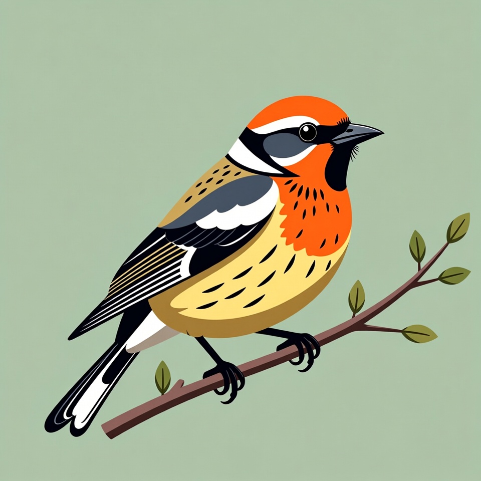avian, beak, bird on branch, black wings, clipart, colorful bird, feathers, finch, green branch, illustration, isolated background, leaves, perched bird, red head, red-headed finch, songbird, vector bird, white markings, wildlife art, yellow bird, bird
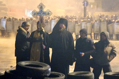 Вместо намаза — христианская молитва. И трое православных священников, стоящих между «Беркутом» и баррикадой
-*-*-
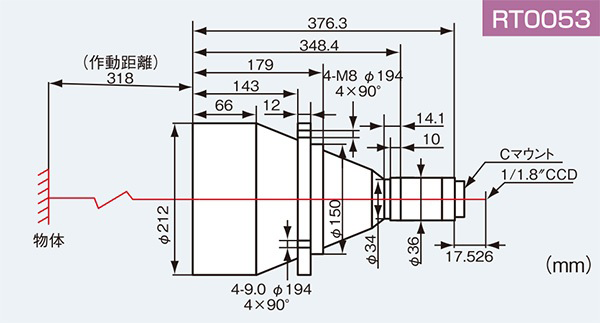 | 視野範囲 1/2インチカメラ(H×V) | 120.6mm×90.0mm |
-*-*-
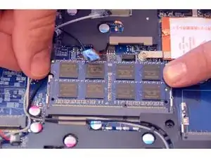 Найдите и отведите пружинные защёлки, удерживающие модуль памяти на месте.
-*-*-
▸ EXERCISE DIRECTIONS:
In the entries above, find the line that contains "avian, beak, bird" and the line that contains "Вместо намаза —". Reproduce exactly those two lines and every line between them, but not the pictures.

▸ FINISHED TASK:
avian, beak, bird on branch, black wings, clipart, colorful bird, feathers, finch, green branch, illustration, isolated background, leaves, perched bird, red head, red-headed finch, songbird, vector bird, white markings, wildlife art, yellow bird, bird
 Вместо намаза — христианская молитва. И трое православных священников, стоящих между «Беркутом» и баррикадой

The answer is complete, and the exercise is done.